Tudo cabe numa canção popular: a poesia traduzindo um gesto, o cantar penetrante de uma máxima moral, as aventuras amorosas em estrofes, a melodia triste de um desgosto, o desfrute e vivência dos lugares de pertença, a louvação de sentimentos ufanistas, a crítica filosófica e social, sucessos pessoais comezinhos, a denúncia das agruras cotidianas de um povo. A persistência de um gênero musical se faz medir pela sua potência discursiva capilarizada somada à captura por aquilo que um dia se chamou de mercado fonográfico, que hoje, se não menos excludente, está bem mais descentralizado em relação aos acessos à criação, produção e distribuição oferecidas pelas tecnologias digitais.

No Brasil, o samba trilhou um périplo que o fez expandir das linguagens verbais e corporais trazidas nos porões da diaspórica e sincrética matriz africana à gênero popular difuso e icônico capturado pela maquinaria dos muitos interesses que o envolveram. Do terreiro ao salão e do salão para o mundo o auge dessas metamorfoses ganhou síntese e feição política numa saga estética capturada pelo nome de nacionalismo.

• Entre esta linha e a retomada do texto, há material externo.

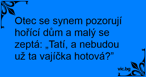 Otec se synem pozorují hořící dům a malý se zeptá: „Tatí, a nebudou už ta vajíčka hotová?”
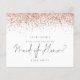 Rosa de presupuesto Purpurina de oro Script Maid of Honor Request. Un precio presupuestado 4,5" x 5,6" alternativo. Disponible en un SEMI GLOSS de 110 lb CARD STOCK que es la opción predeterminada (más grueso para las invitaciones) Maid of Honor se encuentra en un guión elegante en el centro. Un borde de falso purpurina de oro rosa está en la parte superior de cada lado.
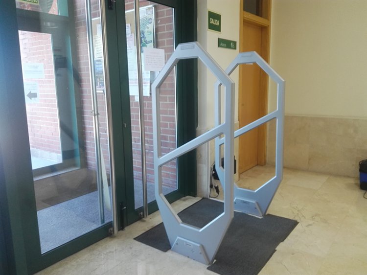 Este sistema antihurto se instaló en una de las dos puertas del acceso a la biblioteca. En la otra puerta hay un sistema de otro fabricante siendo ambos totalmente compatibles.
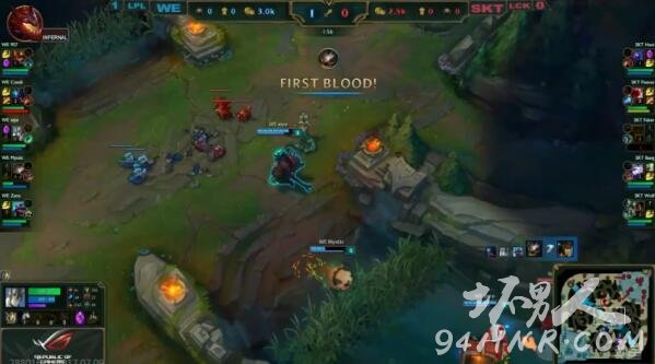 1分钟WE开F6!SKT进野区干扰!WE双人组躲在草里蹲到了!!SKT失误了!蛇女走得太深!被WE四人追上!蛇女交出双招!大嘴闪现拿到一血!!2分钟一血诞生!
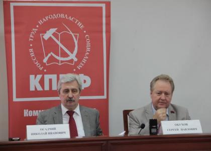 В пресс-конференции приняли участие: депутат Государственной Думы, член Президиума, секретарь ЦК КПРФ С.П.Обухов, руководитель фракции КПРФ краевого парламента, член ЦК КПРФ, первый секретарь крайкома партии Н.И.Осадчий, депутаты Законодательного Собрания края – член ЦК КПРФ, секретарь краевого Комитета партии П.В.Соколенко и член Президиума ЦКРК КПРФ, первый секретарь Краснодарского горкома КПРФ С.К.Лузинов.
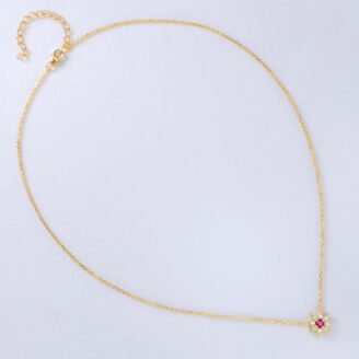 A timeless symbol rendered with refined brilliance. This eight-pointed star necklace centers a vivid created ruby, framed by diamond-like cubic zirconia accents that radiate balanced symmetry and quiet sophistication. Finished in warm gold over sterling silver, it is designed to feel elegant, meaningful, and enduring. About This Item Crafted from solid 925 sterling silver Finished…

Salvaguardando uma identidade brasileira, as caminhadas do samba não se fizeram solitárias e compuseram o repertório de valores que passaram a ditar o modo de vida urbano. Foram nessas trilhas entrecruzadas que se juntaram ao caldeirão novidadeiro muitas modas e estrangeirismos, tais como o futebol, que fora tomado à força pelos contingentes subalternizados nos arrebaldes e interstícios das nascentes metrópoles tupiniquins. E por ali se fizeram espaços insurgentes de sociabilidade, interpelando a racionalidade burguesa triunfante do início do século XX.

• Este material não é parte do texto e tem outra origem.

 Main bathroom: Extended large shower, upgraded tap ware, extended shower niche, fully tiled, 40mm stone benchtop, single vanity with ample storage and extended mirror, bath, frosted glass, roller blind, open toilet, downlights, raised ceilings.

Hoje, nada mais banal, consensual e amortizado na memória do que associar samba e futebol, dobradinha essencializada de uma história recontada e requentada de Brasil. Mas se ambos sobreviveram como traços requintados de uma estética nacional foi graças à essa medula popular de produção incessante que os mantiveram misturados, criados reciprocamente em gestos, técnicas, rimas e convenções rítmicas. Samba e futebol seguem ditando a vida comum dos anônimos ou quase anônimos artistas da caneta e dos versos, dos arames e dos acordes, dos pés e dos scores impossíveis.  Situados à sombra dos glamourosos desdobramentos impostos pela história oficial seguem narrando à revelia dos sucessos ou fracassos suas próprias caminhadas.  

Nada mais necessário, urgente e comovente do que retomar essa mesma fórmula cultural tão desgastada sob o ponto de vista de seus mais inquietos protagonistas, gente de carne e osso que à despeito de tudo e de um Brasil contemporâneo que desponta em feições estéticas duvidosas, continua experimentando e pelejando o samba e o futebol nos maneirismos de suas próprias existências. É o samba dando voltas ou driblando a si mesmo, são as pelejas esportivas baldias teimando espaços e tempos regulamentares que se creem perdidos.

Tudo aconteceu no Kolombolo Diá Piratininga, um coletivo atuante na preservação e divulgação das vertentes do samba em terras paulistas. Pois foi ali que conhecemos Toinho Melodia, lá pelas bandas de uma buliçosa Vila Madalena nos anos 2000. A Vila é estereotipada por ser um lugar que abriga uma vanguarda intelectual e política branca e de classe média, mas enseja também os melhores embates etílico-ideológicos, lítero-musicais entre personagens errantes oriundos de vários segmentos sociais. Afinal, a Vila também foi um bairro de feições populares, gente empurrada para as bordas da cidade a cada ciclo perverso de emponderamento econômico.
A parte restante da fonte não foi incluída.